What the MoU actually promises — practical cooperation, shared data and a focus on access
The MoU is a framework for cooperation rather than a new law. Its stated aims are straightforward: identify access barriers, exchange information between supervisors and central banks, and coordinate practical steps so that non-bank PSPs can meet the requirements for participation in payment systems.
Specifically, signatories commit to share assessments and supervisory intelligence about applicants, work together on risk and operational expectations, and explore pilot approaches to testing non-bank access. The scope covers the full range of retail and wholesale rails used across the European Economic Area — from instant payment services to large-value settlement systems and the retail clearing networks that move everyday transfers.
Authorities also signal a commitment to proportionality. That means tailoring operational, liquidity and resilience expectations to the actual risk non-bank PSPs present, rather than forcing them to meet bank-style rules that may be costly and unnecessary. The MoU names concrete cooperation channels and intends to speed up decisions about eligibility and oversight, aiming to reduce the friction that has kept many non-banks dependent on sponsored arrangements.
Winners and losers on the rails — how competition, fees and revenues could shift
At a high level, the MoU strengthens the hand of non-bank PSPs. Firms that have built customer-facing payment products but depend on bank sponsors for access could move toward direct participation. That reduces their operational dependence and opens a path to cheaper, faster settlement — which in turn can power new product features and pricing pressure.
That is good news for scale fintechs and card processors. Firms like Adyen (ADYEN) and PayPal (PYPL) are better placed to monetise direct access quickly because they already handle large volumes and have mature risk and operations teams. Card networks such as Visa (V) and Mastercard (MA) should see continued volume growth, since easier access tends to boost transaction throughput across the system.

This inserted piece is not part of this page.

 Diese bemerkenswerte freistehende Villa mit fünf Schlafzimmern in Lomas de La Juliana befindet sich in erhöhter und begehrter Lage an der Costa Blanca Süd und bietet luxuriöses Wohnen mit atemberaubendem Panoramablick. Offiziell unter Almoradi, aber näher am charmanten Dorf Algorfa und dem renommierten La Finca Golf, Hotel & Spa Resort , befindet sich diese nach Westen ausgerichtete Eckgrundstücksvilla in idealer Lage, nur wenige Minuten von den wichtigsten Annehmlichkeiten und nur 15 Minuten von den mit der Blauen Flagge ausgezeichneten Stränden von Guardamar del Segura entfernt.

Banks that used sponsorship as a source of fee income face the clearest downside. Lower reliance on bank sponsors could mean lower account-holding and transaction-related revenues, and tighter margins on payment services. At the same time, processors and infrastructure providers that supply connectivity, fraud tools and settlement services could capture new revenue streams by offering turnkey solutions for non-banks that still prefer outsourced operations.

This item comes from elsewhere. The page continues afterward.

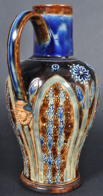 A 19th Century Royal Doulton Lambeth stoneware mask head ewer jug having a lipped pouring spout with cobalt ground neck and applied mask. The body decorated in tubelined flowers and leaf shaped panels. Impressed marks to base with 1879. Measures approx; 20cm tall. Good condition some hairlines to glaze / crazing. Measures approx; 19cm tall.

From MoU to reality — timing, coordination headaches and legal limits
Remember: an MoU is a roadmap, not a new rulebook. Turning cooperation into operational change will take time and runs into national differences. Each country has its own technical set-up, risk rules and eligibility criteria for settlement banks. Some central banks may need to adjust internal rules before non-banks can plug in directly.
Expect a phased timeline: in the short term, authorities will publish guidance and start information-sharing; pilots and test arrangements could roll out within months; wider operational access across the EEA will probably take a year or more. Key hurdles include aligning anti-money laundering checks, setting liquidity requirements that non-banks can meet without excessive cost, and ensuring operational resilience for real-time systems.
Signals investors should watch — what shows this actually changes market economics
Investors in the payments space should track a handful of clear indicators. First, look for published guidance or rule changes from national central banks that explicitly open participation criteria. Second, watch for pilot announcements that let non-banks connect to instant-payment or settlement systems. Third, monitor sponsorship counts — a decline in bank-sponsored arrangements would be an early sign of market shift.
In terms of winners and losers: larger, mature fintechs and processors that can operationally absorb direct access are the clearest potential winners. Adyen (ADYEN) and PayPal (PYPL) fit that profile and stand to gain from either lower costs or new product capabilities. Card networks Visa (V) and Mastercard (MA) should see rising volumes, but fee pressure at the edges could compress some economics over time. Incumbent banks face moderate downside to payments income unless they pivot to provide specialised services to new direct participants.
Overall, the MoU raises the probability of a more competitive payments market in Europe. That is a structural positive for firms that can scale operations and a risk for organisations that rely on legacy sponsorship models. For investors, the next 12–24 months will be about watching policy steps turn into pilots and then into measurable shifts in access and volumes.